The Home-Page provides an easy starting point for calculators.
Sample Size and Power for Comparing Two Means
You need an estimate of how large of a difference you want to see between means in estimating your needed sample size. This calculator has an easy 3-step process that takes the guess work out of generating sample size and power calculations for your next comparative test.
Sample Size for a Margin of Error (Proportion)
If you’re conducting a usability test, then it will be good to know ahead of time how wide or narrow your confidence intervals will be around your completion rates. Enter the desired margin of error (e.g. 10%) and quickly get the sample size needed plus a quick reference graph showing you the effects of more users on the width of the margin of error.
Sample Size for a Margin of Error (Continuous Data)
If you’re conducting a usability test, then it will be good to know ahead of time how wide or narrow your confidence intervals will be around your task times or satisfaction scores. Enter the desired margin of error (e.g. 10%) and the estimate of the mean and standard deviation to generate the needed sample size. If you don’t have an estimate for these—the calculator provides default values based on data from hundreds of usability tests.
Compare 2+ Means (ANOVA)
The Analysis of Variance (ANOVA) detects whether there is a difference in at least one mean. Enter up to five categories (e.g. competing products) to test differences in task times, clicks or satisfaction scores.
Compare 2+ Completion Rates or Multiple Categorical Variables (Chi-Square Test)
The Chi-Square test calculator will allow you to compare 2 to 10 completion rates (binary responses), or 10 multiple category data (e.g. from sub-categories such as experience level).
Compare the Same Users on Different Applications
You can get more information with a smaller sample size by having the same users attempt tasks on different applications. A special statistical test (the Paired t-test) is used to analyze the data and is included in this package. Enter the raw task time for both applications for task times or satisfaction data to quickly look for significant differences. You get graphs, confidence intervals and statistical results. The calculator comes with a "How to Report" section which makes communicating the results to stakeholders easier.
Compare Two Task Times or Satisfaction Scores
Enter the raw task time or satisfaction data for (e.g. from competing products or different versions) to quickly look for significant differences. The calculator both graphs and provides numerical results as well as how large of a difference was observed (effect size). The calculator comes with a “How to Report” section which makes communicating the results to stakeholders easier.
Compare Completion Rates
Determine whether two completion rates (e.g. from competing products or different versions) are statistically different.

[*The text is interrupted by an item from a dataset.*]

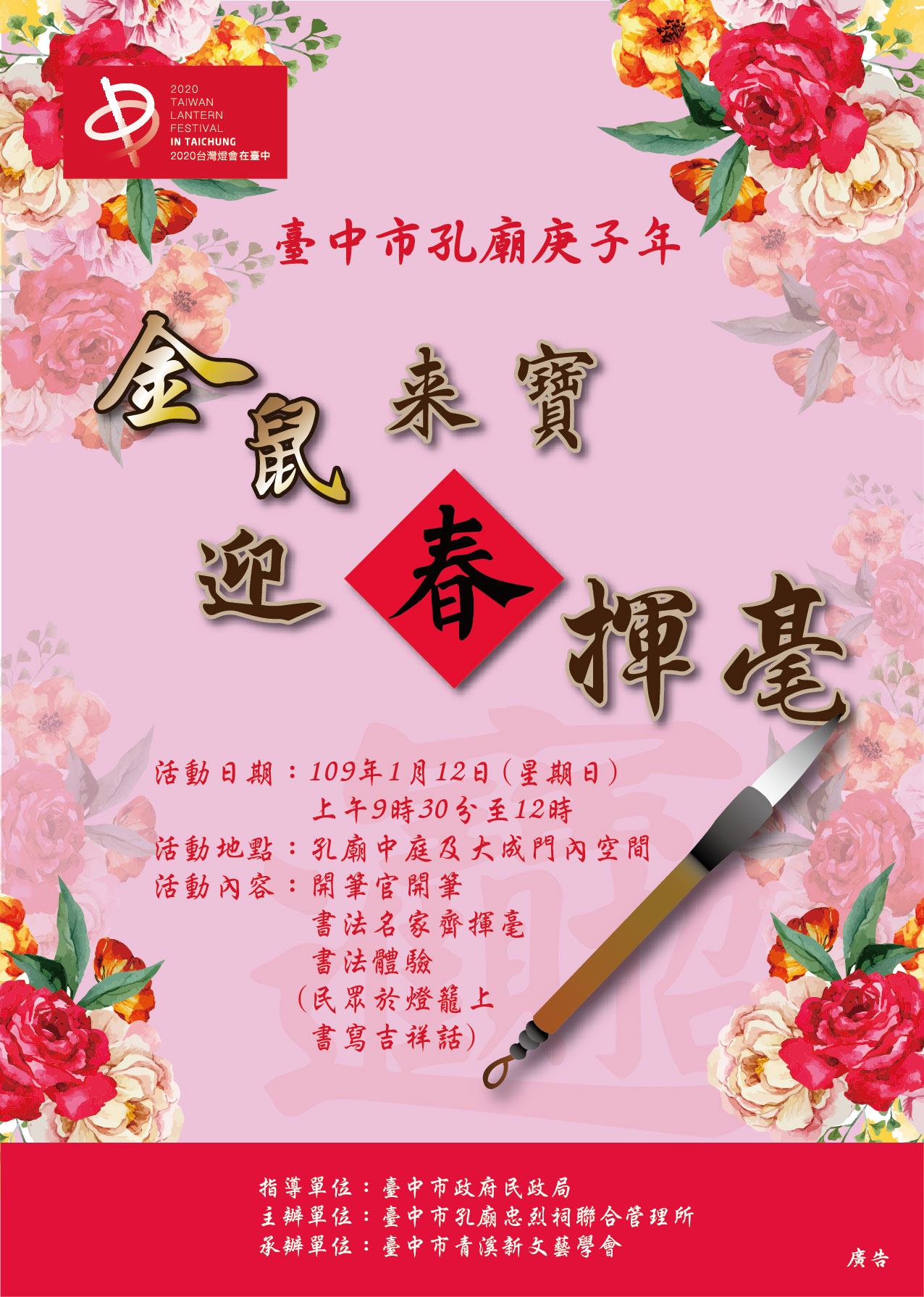 台中市孔廟將於1月12日上午9時至12時在中庭舉行「金鼠來寶‧迎春揮毫」,除邀請逾20位書法名家現場寫春聯、畫年畫,更響應2020台灣燈會加碼發放小紅燈籠,歡迎民眾踴躍參加。

Just enter the total users tested and number successful for each application and get the statistical results.
Test a Completion Rate against a Criterion & Confidence Interval
Enter the number of users who completed the task and the total attempted and the calculator provides the confidence interval and a graph of the results. Simply enter a test criterion (e.g. 70%) to see if the observed completion rate is statistically higher than the test criterion.
Test a Task Time against a Criterion & Confidence Interval
Just paste the raw task times and the calculator will transform the times to adjust for non-normality. You’ll instantly see a graph and confidence interval for the data. You can also enter a criterion (e.g. 100 seconds) to see if the observed mean time is statistically higher than the test criterion.
Sample Size and Power for Comparing Two Proportions
I’ve read through dozens of really boring statistics papers and have read Cohen’s Power Analysis to generate an accurate and easy way to know the sample size and power needed when you compare two completion rates. The calculator walks you through a 3-step process to generate an effect size estimate, power calculations and the number of users needed to detect differences in completion rates.